再録:2026年1月5日
| 中国のエネルギー事情 (その1) |
| 2018-09-20 記 玉上佳彦
最近中国に行かれた方は、見慣れない薄緑色のグラデーションカラーのナンバープレートの
自動車を見かけることが多くなったと感じることがあると思う。一般の普通自動車は青地に白の文字だが、この薄緑色のプレートは、電気自動車(EV)

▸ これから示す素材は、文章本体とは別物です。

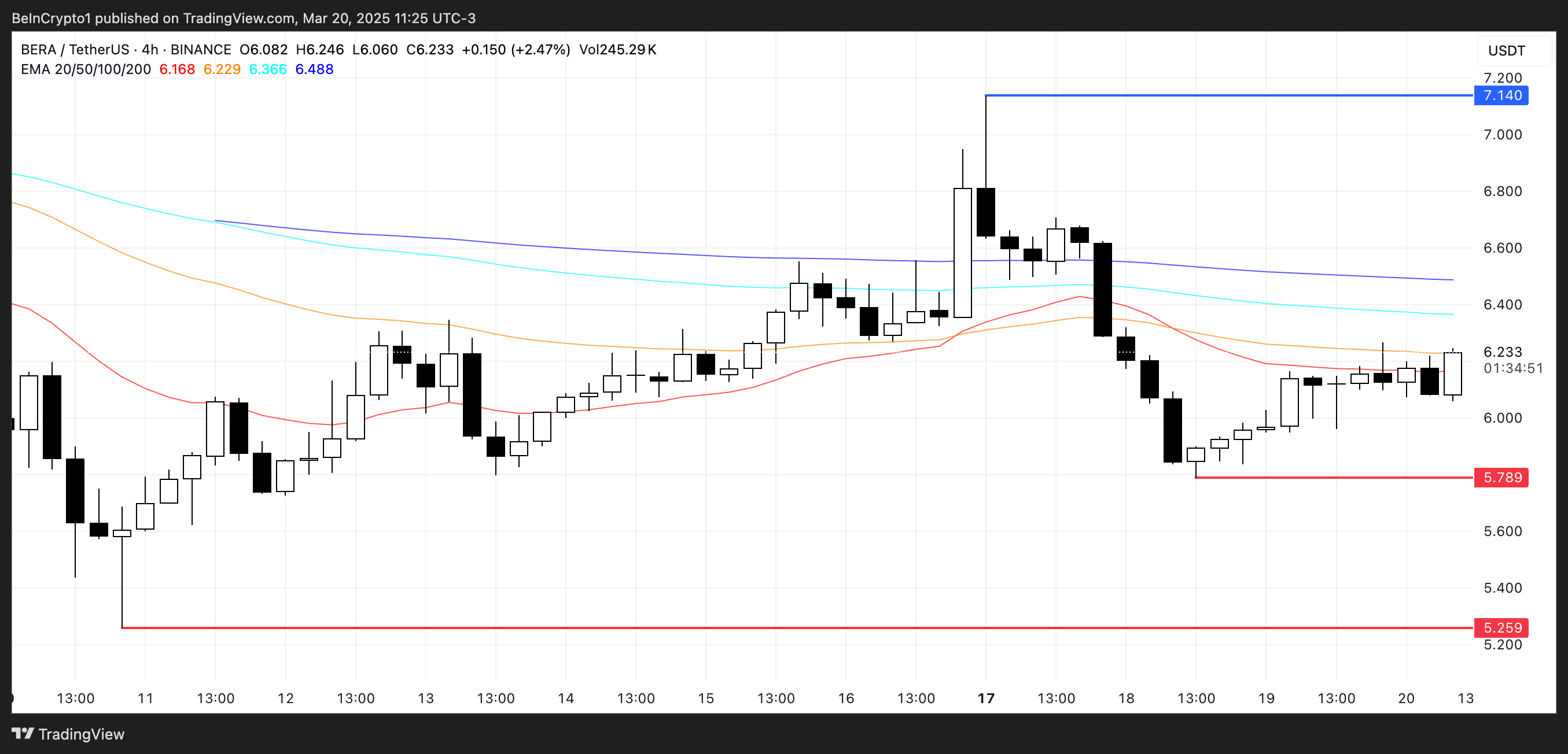 Le linee EMA di Berachain continuano a riflettere un setup ribassista, con le medie mobili a breve termine posizionate sotto quelle a lungo termine.

専用のナンバープレートである。中国の主要な大都市では、
普通車のナンバーを入手するのに、たいへん高額の費用(場合によっては車の価格以上)がかかるのに対して、このナンバーは無料で入手できるそうだ。
EV販売高は世界一
中国の2017年のEV車販売台数は47万台で既に世界一となっているが、中国政府は
2030年には、1900万台としてEV大国を目指し、EV車優先策をとっている。
中国の高速鉄道は、既に営業距離を2.5万km(日本の新幹線は0.28万km)となり、かつて主流だったディーゼル気動車は激減している。中国政府は、この高速鉄道網を全国の主要な都市に張り巡らし、更に東南アジア諸国まで拡張する計画であるが、そのためにも重要な電力源を確保する必要がある。
火力発電が依然69%
沿岸部だけでなく、内陸部の経済発展が顕著な中国では、果たして電力は充足しているのだろうかと心配になるので、中国の電力事情について調べてみた。
現時点では、依然として石炭による火力発電が主だが、政府は国策としての大気汚染対策のために年々縮小せざるを得なくなっている。
昨年から北部の都市集中暖房設備での石炭使用を抑え、天然ガスに強制的に切替えさせている。
再生可能電源が急上昇 石炭火力発電に代わるものとして、中国の再生可能エネルギーの発電量は既に世界一となっていることは注目すべきで、 更に拡大していく傾向にある。例えば、風力発電は世界第2位のアメリカの2倍以上、太陽光発電は同じく世界第 2位のドイツの約2倍となっている(環境エネルギー政策研究所データ)。 中国には広大な未利用の土地があり、火力発電量を縮小し、風力や太陽光などの再生可能エネルギーによる発電量を増やすことは容易であろう。 これからも世界最大の再生可能エネルギー大国になることは間違いない。 中国の原子力発電については、次号で取り上げたい。